Public Eneny No. 1 Road Runoff
Thanks to aggressive federal actions like the creation of the EPA and the passage of the Clean Water Act we no longer have manufacturing plants indiscriminately dumping massive quantities truly poisonous chemicals into our waterways like we did for nearly a century before the term water-pollution became a household word. That pollution killed all forms of life in the marine environments they entered, and humans entered those water bodies back then at their own great peril. The companies that did the polluting were forced to clean up their act and now once toxic rivers like the Merrimack and Hudson having people swimming and kayaking in them, occasionally. The bad news is the pollution still entering the nation’s water bodies, like the treatment plants discharging into our rivers and the runoff closing our lakes and ponds is much harder to clean up. How do we ask farms to stop spraying their crops? How do we ask people protecting dwindling home values to stop chemically manicuring their lawns? How do we ask bankrupt local governments to spend millions upon millions to upgrade their wastewater treatment plants when they can barely pay their police?
The answers to all the above is: We aren’t, not in this political climate.
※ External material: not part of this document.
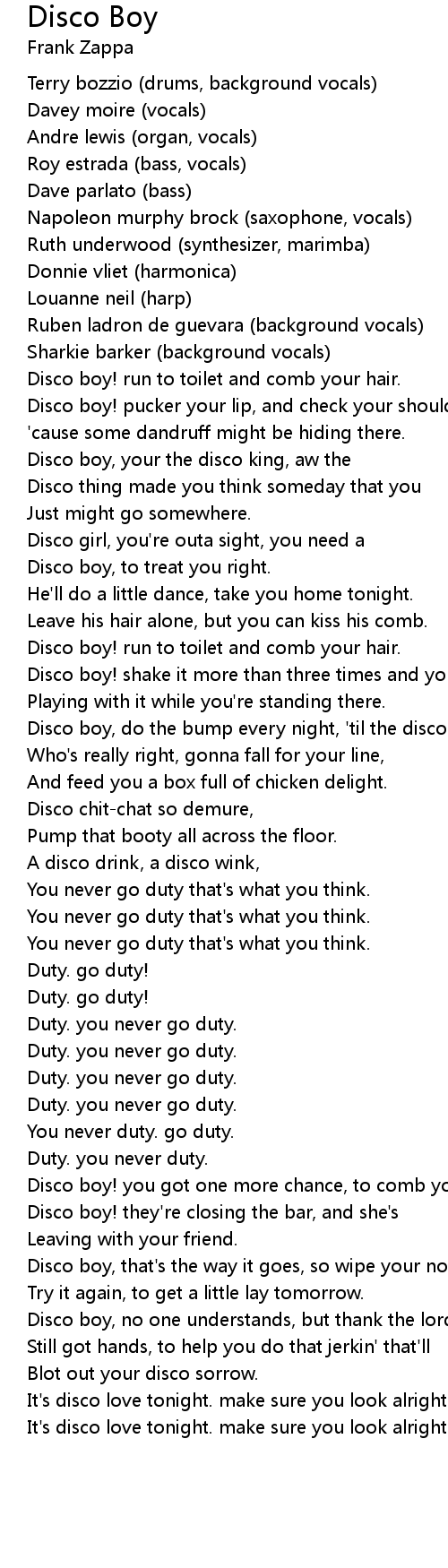 Disco boy, no one understands, but thank the lord that you |

The return on the investment in hundreds of millions spent in EPA ordered sewer upgrades across the country will not be measured in long-term improvements to the nation’s unemployment rate. Those improvements will be measure in things like fewer beach closings and more edible clams and fish to eat. Those dividends don’t translate into jobs nearly as well as, say, hydrofracking or offshore oil exploration. Even the most staunch environmentalist isn’t going to wish his unemployed neighbor stay so, in order to improve the kayaking outside Brooklyn Heights.
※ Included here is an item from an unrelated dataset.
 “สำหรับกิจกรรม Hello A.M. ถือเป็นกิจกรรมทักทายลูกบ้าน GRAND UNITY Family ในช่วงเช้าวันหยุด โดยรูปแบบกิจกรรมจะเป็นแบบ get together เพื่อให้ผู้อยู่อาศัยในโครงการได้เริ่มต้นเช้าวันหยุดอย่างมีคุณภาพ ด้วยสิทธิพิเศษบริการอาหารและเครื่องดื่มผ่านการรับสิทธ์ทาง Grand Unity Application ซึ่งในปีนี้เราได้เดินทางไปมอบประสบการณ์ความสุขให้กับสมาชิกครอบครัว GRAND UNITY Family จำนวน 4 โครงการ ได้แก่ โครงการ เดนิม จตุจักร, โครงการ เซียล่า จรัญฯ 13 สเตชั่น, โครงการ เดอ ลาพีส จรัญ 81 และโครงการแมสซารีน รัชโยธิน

Build pools outside every home: end unemployment, more summer fun
No, we’re going to limp along for another decade or so, extending sewer discharges pipes deeper into our marshes so they don’t stink as much. The first casualty of an economic downturn is environmental protection and the current slate of GOP candidates suggests it could be another two decades before we can start talking again about catching dinner along the docks of New York’s South Street Seaport. Maybe we can install swimming pools outside every other house in the country, like this neighborhood outside Phoenix, AZ. That will allow us to have summer recreation again and it will be great for the economy. Maybe a more sensible solution is those of us willing and still able to sacrifice for environmental improvement, get out there and make your desires known. If you neighbor is making a living by damaging the environment, it’s time for him or her to find a new job and it's time for you, and NBN, to tell them to do so.